How to complete this task: Print the entries in full, word for word, but not the pictures.

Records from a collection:
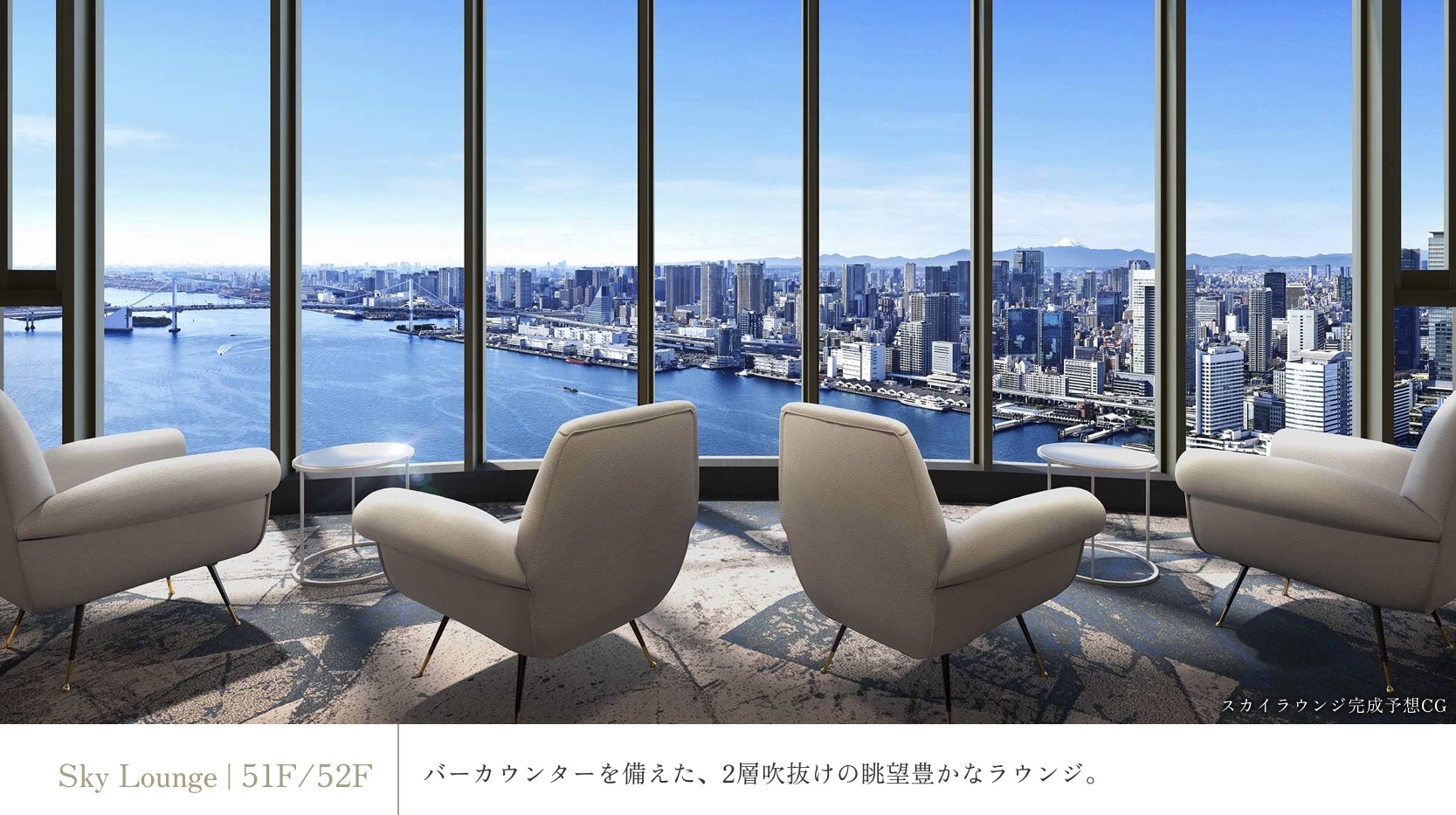 51階、52階吹抜けで圧巻の湾岸ビューを楽しめます
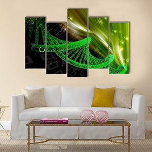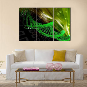 Glowing Green Dna Helix with Binary Code Canvas Wall Art
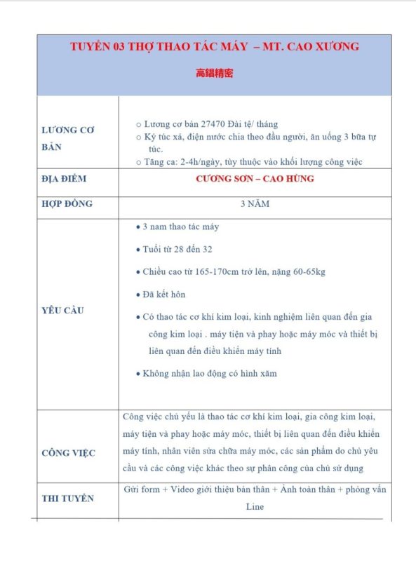 Công ty Cổ phần Quốc tế Lena Group Thông báo tuyển sinh Chương Trình Xuất Khẩu Lao Động đi Nước ngoài năm 2024. Chi Phí Xuất Khẩu Lao Động chuẩn theo quy định từ Bộ LĐTBXH (Cam kết không phát sinh). Cam kết hỗ trợ việc làm với thu nhập ổn định. Hỗ trợ làm đầy đủ giấy tờ thủ tục.
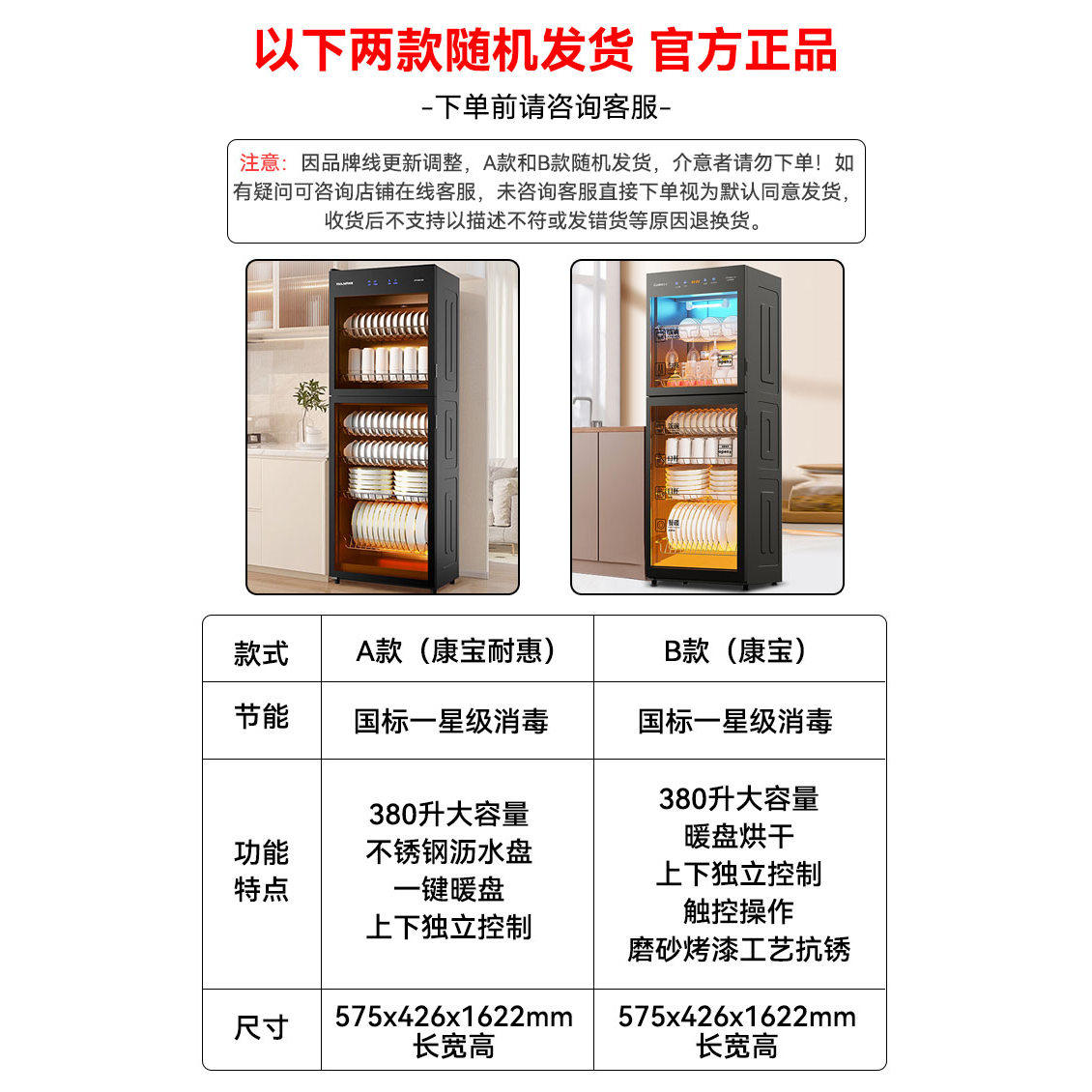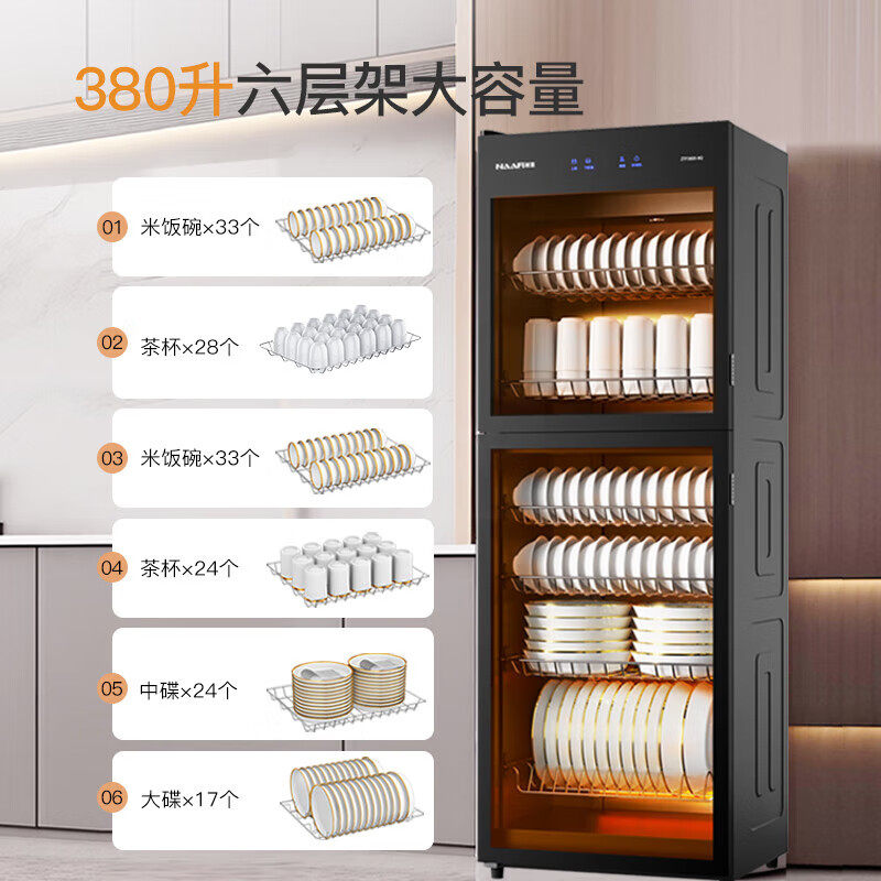 康宝耐惠立式消毒柜,380升大容量设计,专为酒店、餐厅等商用场景打造。采用国标二星级消毒标准,高效杀灭大肠杆菌、金黄色葡萄球菌等常见病菌,确保餐具卫生安全。上层臭氧+紫外线双重消毒,下层高温烘干,全面呵护碗筷、餐具。不锈钢内胆耐腐蚀、易清洁,层架可调节,适配不同餐具摆放需求。智能触控面板操作简便,配备童锁和过热保护,使用更安心。大容量存储满足高峰时段需求,节能高效,是商用厨房的理想之选,为餐饮卫生保驾护航。
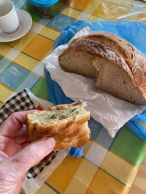 Um zu unserem Bäcker zu gelangen, der die duftenden mit Sauerteig angesetzten Brotlaiber backt, muss ich einen Pfad steil hinab steigen, ein Sträßchen und ein Flüsschen überqueren und an der anderen Seite wieder hinaufgehen. Unterwegs freute ich mich an einer neuem Pflasterung des Bürgersteigs. Bürgersteige sind hier eher rar, und wenn es sie gibt, werden sie meistens mit Straßenbäumen bepflanzt. Manche Anlieger pflegen das Stück Straße vor ihrer Haustüre und erweitern so ihren Wohnbereich. Diese hier haben einige reizende Marmor-Intarsien gelegt – Ornamente, Pflanzen und…
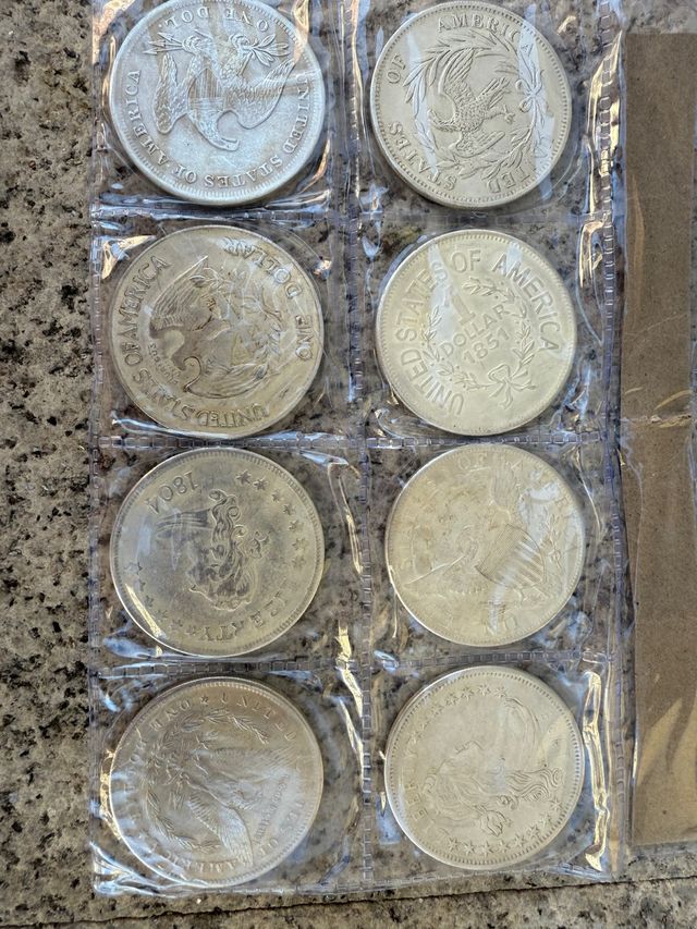Dettagli del prodottoCollezione di monete d'argento dollaro con design classici. - Monete degli Stati Uniti d'America. - Design di aquile e figure. - Alcune monete mostrano gli anni 1804 e 1851. La descrizione è stata tradotta automaticamente.
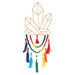 Brighten up a wall with this unique hanging decoration. A gold metal wire crystal formation is accented by wooden rainbow beads and vibrant tassels on this eyecatching piece.
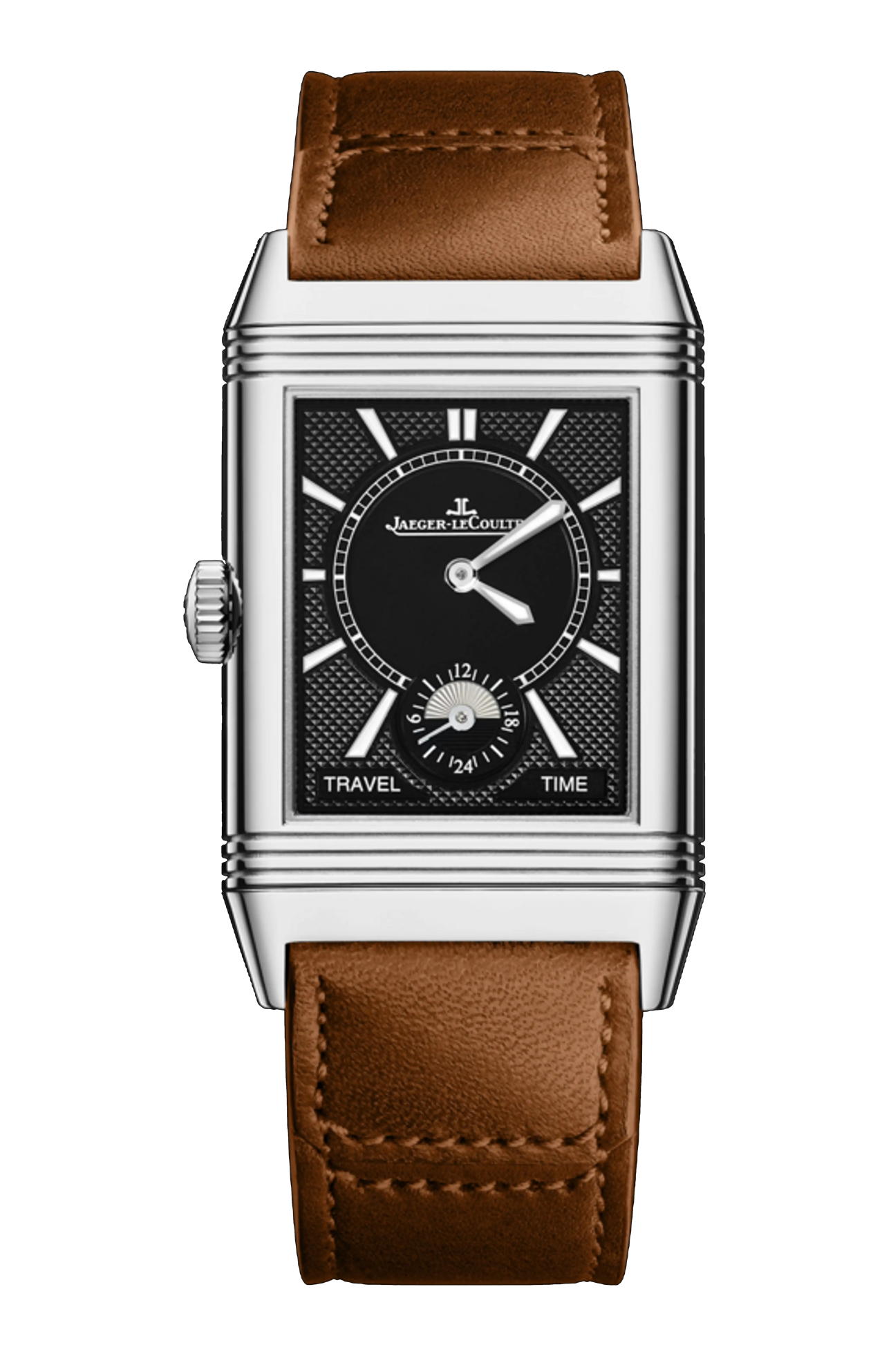 La cassa in grande formato del segnatempo Reverso Classic Large Duoface Small Seconds in acciaio vanta due quadranti per un doppio fuso orario, animati da un movimento unico. Un compagno di viaggio ideale per i viaggiatori più eleganti, è dotato di un secondo piccolo quadrante frontale che enfatizza ulteriormente il suo fascino.
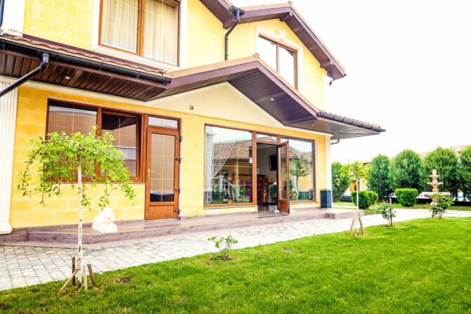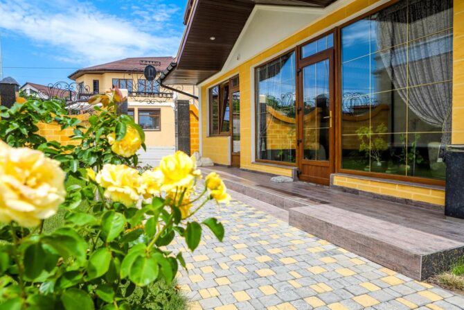 The nearest beach is about 400 metres away. All coastal zones of the Black Sea are equipped with umbrellas, canopies, changing cabins, toilets, fresh shower. At the rental office you can take a sun lounger, a large water mattress, a children’s pool. The beach area is quite wide, cleaning is carried out every day. The entrance to the water is convenient and gentle. The coating is sand. Safety is monitored by the rescue service. On the edge of the beach there are 2 volleyball courts, there is a pier for pleasure boats. The swimming season begins in May, because shallow sea quickly warms up.

Written solution:
 51階、52階吹抜けで圧巻の湾岸ビューを楽しめます
 Glowing Green Dna Helix with Binary Code Canvas Wall Art
 Công ty Cổ phần Quốc tế Lena Group Thông báo tuyển sinh Chương Trình Xuất Khẩu Lao Động đi Nước ngoài năm 2024. Chi Phí Xuất Khẩu Lao Động chuẩn theo quy định từ Bộ LĐTBXH (Cam kết không phát sinh). Cam kết hỗ trợ việc làm với thu nhập ổn định. Hỗ trợ làm đầy đủ giấy tờ thủ tục.
 康宝耐惠立式消毒柜,380升大容量设计,专为酒店、餐厅等商用场景打造。采用国标二星级消毒标准,高效杀灭大肠杆菌、金黄色葡萄球菌等常见病菌,确保餐具卫生安全。上层臭氧+紫外线双重消毒,下层高温烘干,全面呵护碗筷、餐具。不锈钢内胆耐腐蚀、易清洁,层架可调节,适配不同餐具摆放需求。智能触控面板操作简便,配备童锁和过热保护,使用更安心。大容量存储满足高峰时段需求,节能高效,是商用厨房的理想之选,为餐饮卫生保驾护航。
 Um zu unserem Bäcker zu gelangen, der die duftenden mit Sauerteig angesetzten Brotlaiber backt, muss ich einen Pfad steil hinab steigen, ein Sträßchen und ein Flüsschen überqueren und an der anderen Seite wieder hinaufgehen. Unterwegs freute ich mich an einer neuem Pflasterung des Bürgersteigs. Bürgersteige sind hier eher rar, und wenn es sie gibt, werden sie meistens mit Straßenbäumen bepflanzt. Manche Anlieger pflegen das Stück Straße vor ihrer Haustüre und erweitern so ihren Wohnbereich. Diese hier haben einige reizende Marmor-Intarsien gelegt – Ornamente, Pflanzen und…
Dettagli del prodottoCollezione di monete d'argento dollaro con design classici. - Monete degli Stati Uniti d'America. - Design di aquile e figure. - Alcune monete mostrano gli anni 1804 e 1851. La descrizione è stata tradotta automaticamente.
 Brighten up a wall with this unique hanging decoration. A gold metal wire crystal formation is accented by wooden rainbow beads and vibrant tassels on this eyecatching piece.
 La cassa in grande formato del segnatempo Reverso Classic Large Duoface Small Seconds in acciaio vanta due quadranti per un doppio fuso orario, animati da un movimento unico. Un compagno di viaggio ideale per i viaggiatori più eleganti, è dotato di un secondo piccolo quadrante frontale che enfatizza ulteriormente il suo fascino.
 The nearest beach is about 400 metres away. All coastal zones of the Black Sea are equipped with umbrellas, canopies, changing cabins, toilets, fresh shower. At the rental office you can take a sun lounger, a large water mattress, a children’s pool. The beach area is quite wide, cleaning is carried out every day. The entrance to the water is convenient and gentle. The coating is sand. Safety is monitored by the rescue service. On the edge of the beach there are 2 volleyball courts, there is a pier for pleasure boats. The swimming season begins in May, because shallow sea quickly warms up.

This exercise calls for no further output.